> Working data:
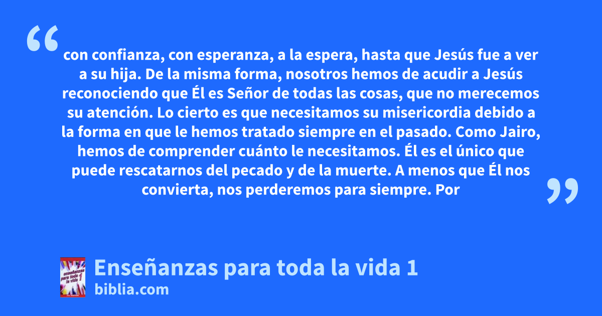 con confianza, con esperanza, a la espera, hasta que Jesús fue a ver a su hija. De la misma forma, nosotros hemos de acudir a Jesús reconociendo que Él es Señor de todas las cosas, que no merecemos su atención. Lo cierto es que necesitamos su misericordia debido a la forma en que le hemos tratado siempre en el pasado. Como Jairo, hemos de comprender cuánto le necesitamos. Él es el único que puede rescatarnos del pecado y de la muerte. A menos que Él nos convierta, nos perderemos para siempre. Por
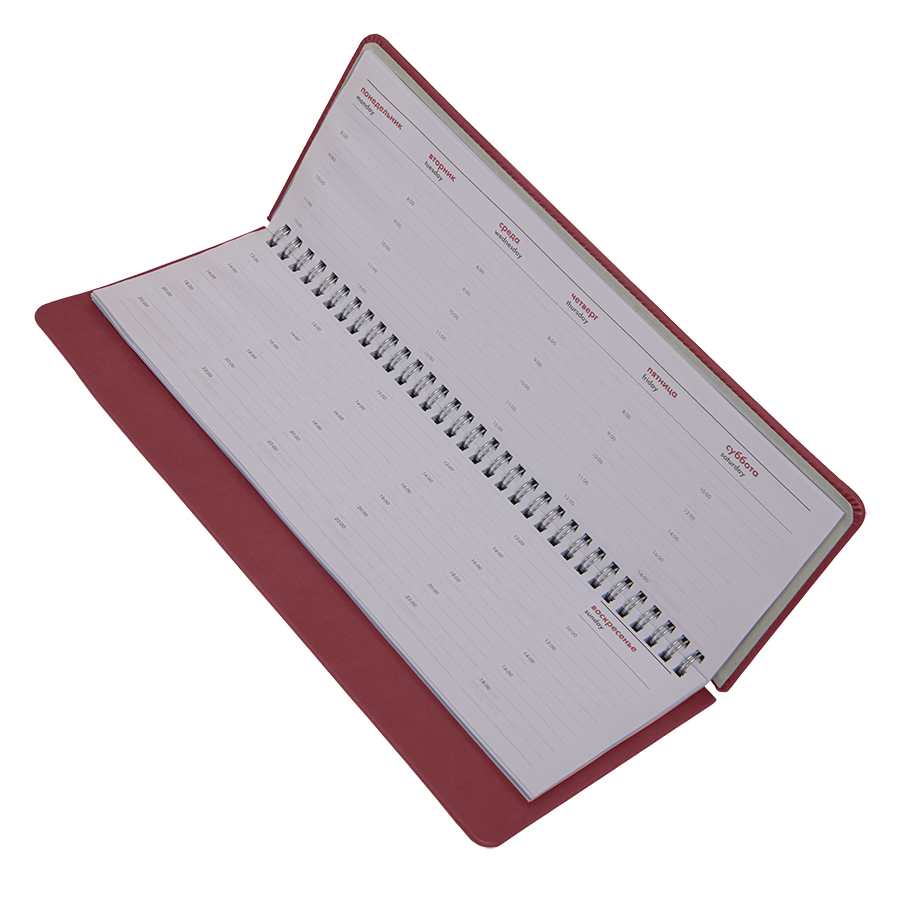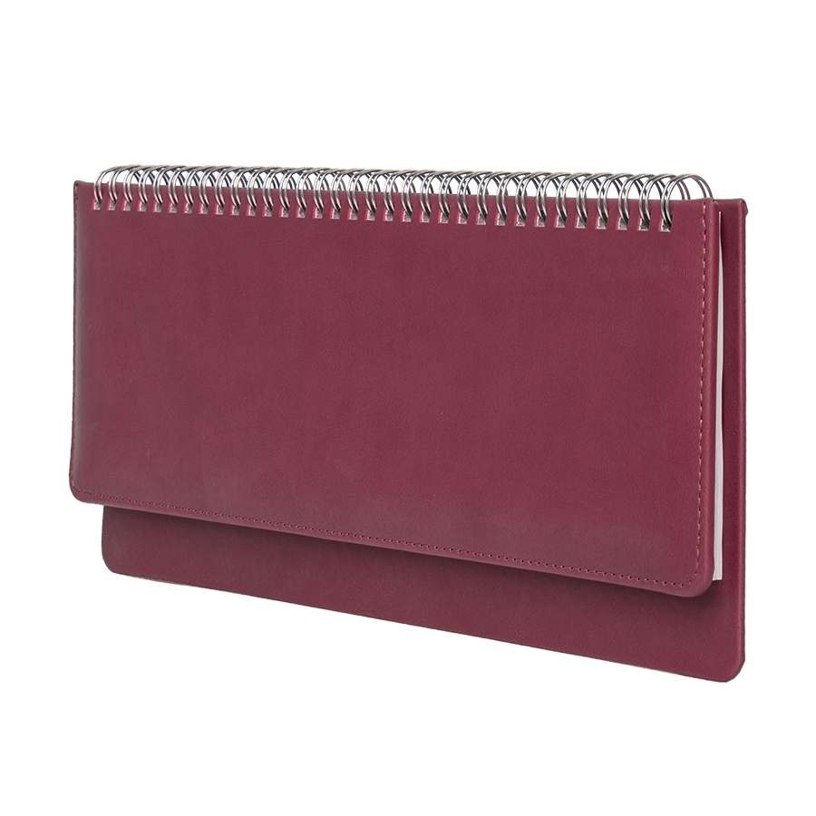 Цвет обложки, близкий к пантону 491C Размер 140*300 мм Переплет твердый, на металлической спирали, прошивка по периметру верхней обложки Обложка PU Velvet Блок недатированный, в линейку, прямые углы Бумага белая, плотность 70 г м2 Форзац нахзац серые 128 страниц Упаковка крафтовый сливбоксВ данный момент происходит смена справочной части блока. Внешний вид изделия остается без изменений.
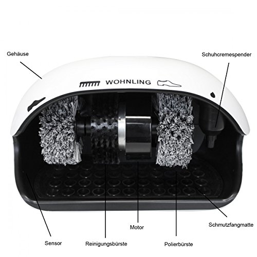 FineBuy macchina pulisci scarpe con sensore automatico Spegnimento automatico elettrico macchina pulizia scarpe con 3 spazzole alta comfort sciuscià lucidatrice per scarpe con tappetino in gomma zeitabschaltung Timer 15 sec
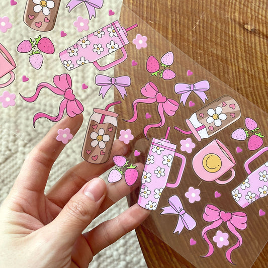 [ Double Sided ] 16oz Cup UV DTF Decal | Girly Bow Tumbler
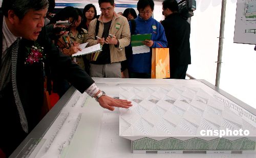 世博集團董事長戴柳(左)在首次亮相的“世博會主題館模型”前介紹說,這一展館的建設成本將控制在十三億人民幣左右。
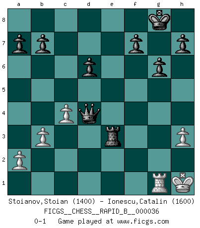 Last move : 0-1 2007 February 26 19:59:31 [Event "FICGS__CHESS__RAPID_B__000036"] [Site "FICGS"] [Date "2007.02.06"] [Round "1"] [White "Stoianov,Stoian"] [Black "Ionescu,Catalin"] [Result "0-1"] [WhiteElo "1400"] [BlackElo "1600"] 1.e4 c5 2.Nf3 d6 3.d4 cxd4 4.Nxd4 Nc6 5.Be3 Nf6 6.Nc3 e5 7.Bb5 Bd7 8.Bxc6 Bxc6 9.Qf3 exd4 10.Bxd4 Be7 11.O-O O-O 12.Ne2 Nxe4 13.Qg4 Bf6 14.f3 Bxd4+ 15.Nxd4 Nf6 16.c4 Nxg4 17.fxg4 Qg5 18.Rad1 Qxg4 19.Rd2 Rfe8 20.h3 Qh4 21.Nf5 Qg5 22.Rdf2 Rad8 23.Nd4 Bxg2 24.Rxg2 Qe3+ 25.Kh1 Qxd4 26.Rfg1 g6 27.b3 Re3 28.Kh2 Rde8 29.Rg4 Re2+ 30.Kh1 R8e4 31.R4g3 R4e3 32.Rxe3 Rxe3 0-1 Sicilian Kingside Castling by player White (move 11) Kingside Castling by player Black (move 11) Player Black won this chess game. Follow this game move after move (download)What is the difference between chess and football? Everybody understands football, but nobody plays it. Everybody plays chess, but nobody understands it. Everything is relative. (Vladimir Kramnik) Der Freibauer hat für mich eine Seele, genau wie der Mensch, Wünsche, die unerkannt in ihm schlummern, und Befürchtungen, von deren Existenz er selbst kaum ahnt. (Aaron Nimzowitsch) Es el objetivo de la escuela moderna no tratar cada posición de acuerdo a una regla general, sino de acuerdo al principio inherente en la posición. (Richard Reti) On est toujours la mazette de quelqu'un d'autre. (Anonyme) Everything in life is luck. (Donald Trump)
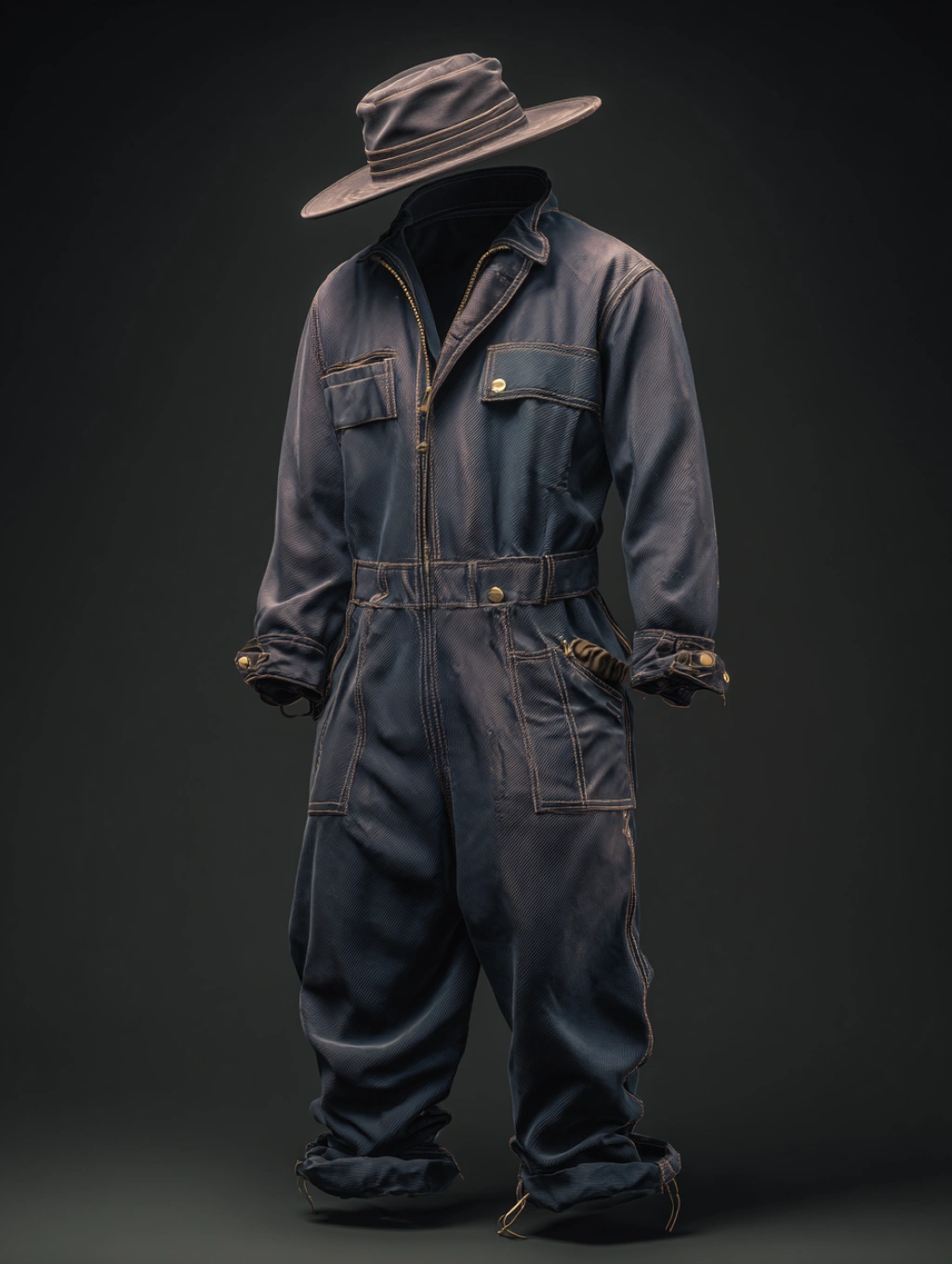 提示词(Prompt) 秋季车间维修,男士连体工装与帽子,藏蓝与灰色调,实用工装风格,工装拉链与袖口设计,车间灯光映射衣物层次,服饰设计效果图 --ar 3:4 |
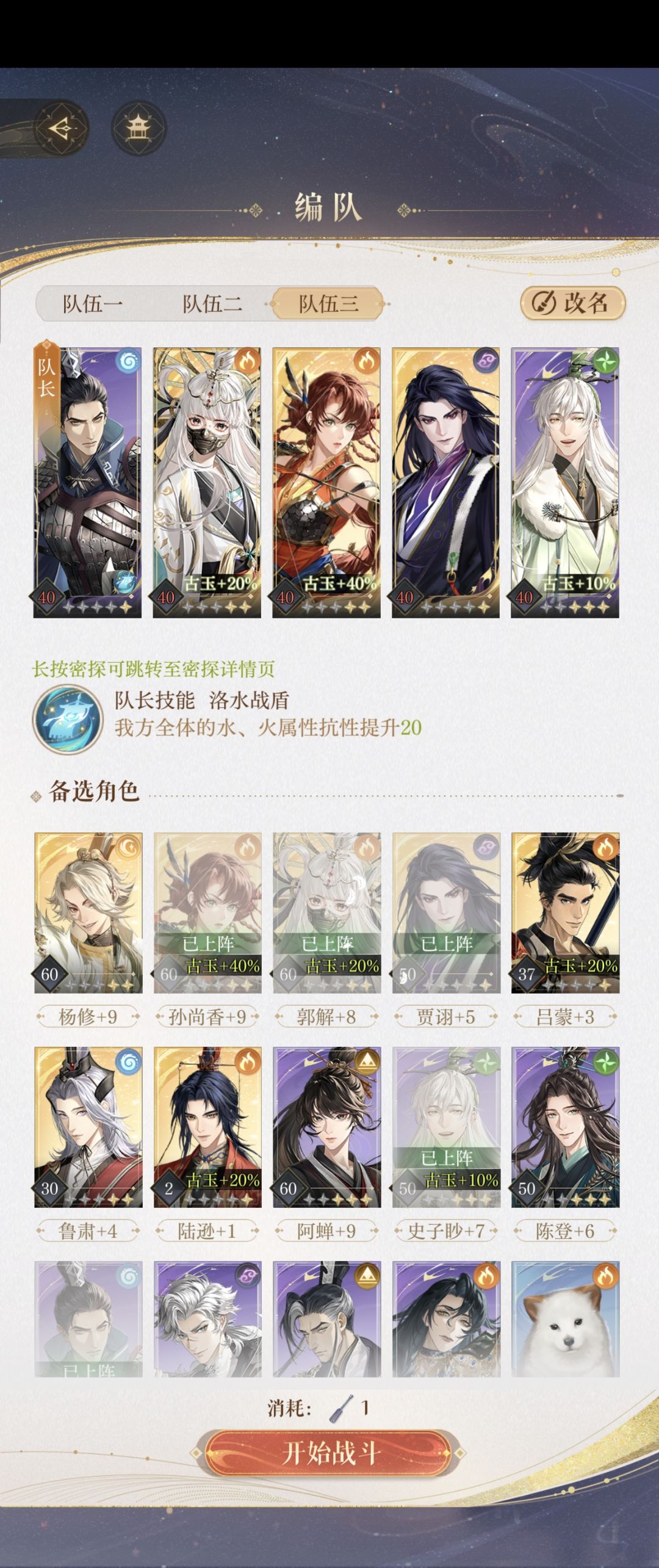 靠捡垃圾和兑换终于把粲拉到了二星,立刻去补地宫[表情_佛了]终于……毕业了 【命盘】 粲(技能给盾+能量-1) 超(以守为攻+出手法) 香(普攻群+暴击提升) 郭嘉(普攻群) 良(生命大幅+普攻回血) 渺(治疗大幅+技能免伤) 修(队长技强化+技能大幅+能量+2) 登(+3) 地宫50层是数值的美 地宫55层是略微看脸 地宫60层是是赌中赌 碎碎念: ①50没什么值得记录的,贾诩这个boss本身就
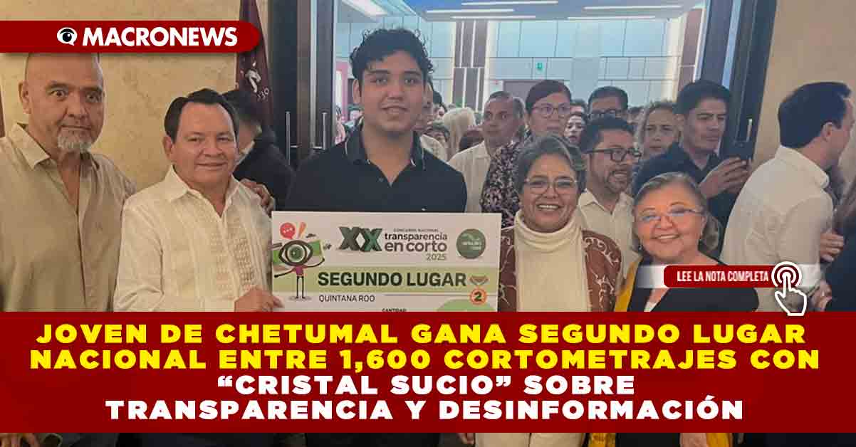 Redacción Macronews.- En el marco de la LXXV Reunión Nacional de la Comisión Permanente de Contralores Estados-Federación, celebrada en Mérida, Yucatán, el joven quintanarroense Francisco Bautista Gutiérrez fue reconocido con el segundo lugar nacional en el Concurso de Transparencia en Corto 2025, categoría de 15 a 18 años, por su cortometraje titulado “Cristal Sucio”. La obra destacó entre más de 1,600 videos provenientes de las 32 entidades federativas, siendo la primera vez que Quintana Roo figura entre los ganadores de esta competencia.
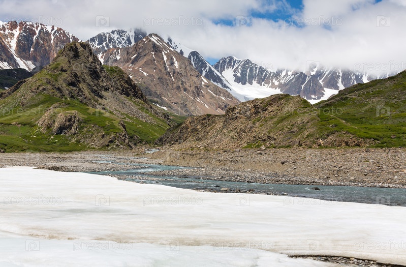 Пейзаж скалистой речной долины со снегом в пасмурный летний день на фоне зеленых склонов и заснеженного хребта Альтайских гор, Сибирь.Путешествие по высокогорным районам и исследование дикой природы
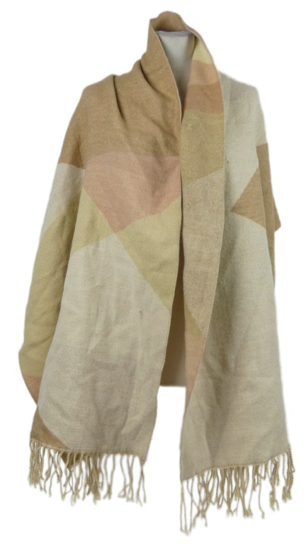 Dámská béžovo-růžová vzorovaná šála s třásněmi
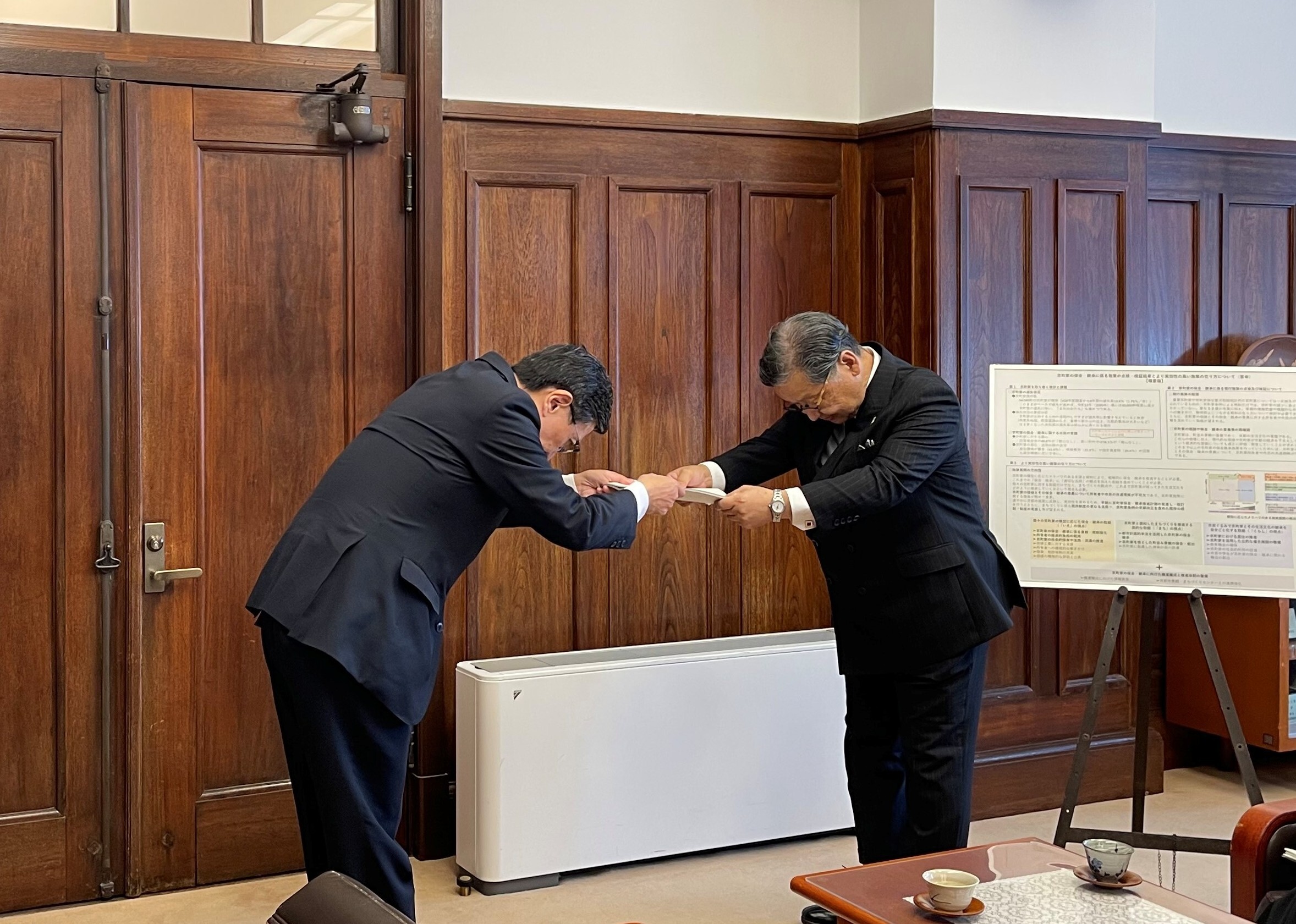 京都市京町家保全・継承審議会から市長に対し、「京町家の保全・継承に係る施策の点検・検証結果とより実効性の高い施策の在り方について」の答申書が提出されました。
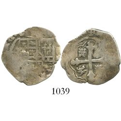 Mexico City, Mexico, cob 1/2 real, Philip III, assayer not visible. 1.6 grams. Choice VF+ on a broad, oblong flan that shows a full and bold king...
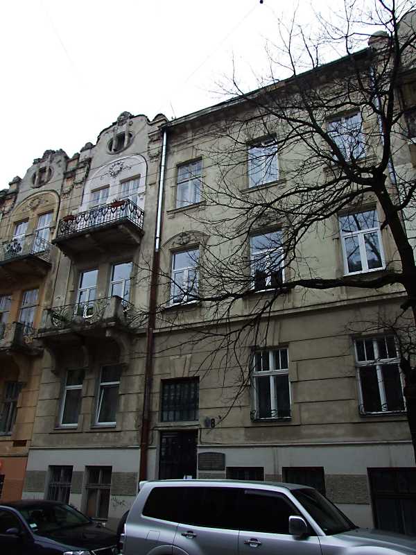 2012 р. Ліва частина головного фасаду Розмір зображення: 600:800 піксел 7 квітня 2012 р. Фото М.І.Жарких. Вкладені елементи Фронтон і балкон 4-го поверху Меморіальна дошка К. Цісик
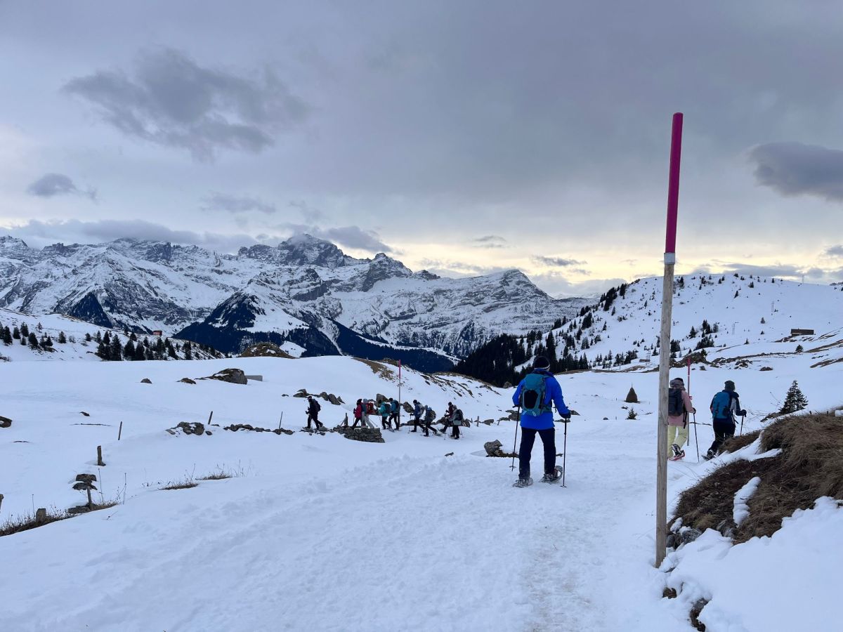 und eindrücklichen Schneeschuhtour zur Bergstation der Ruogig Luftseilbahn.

> To do: Within the entries above, give again exactly the lines starting at the one that contains "Dámská béžovo-růžová vzorovaná" and ending at the one that contains "Mexico City, Mexico, cob", leaving out the pictures.

> Answer to this task:
 Dámská béžovo-růžová vzorovaná šála s třásněmi
 京都市京町家保全・継承審議会から市長に対し、「京町家の保全・継承に係る施策の点検・検証結果とより実効性の高い施策の在り方について」の答申書が提出されました。
 Mexico City, Mexico, cob 1/2 real, Philip III, assayer not visible. 1.6 grams. Choice VF+ on a broad, oblong flan that shows a full and bold king...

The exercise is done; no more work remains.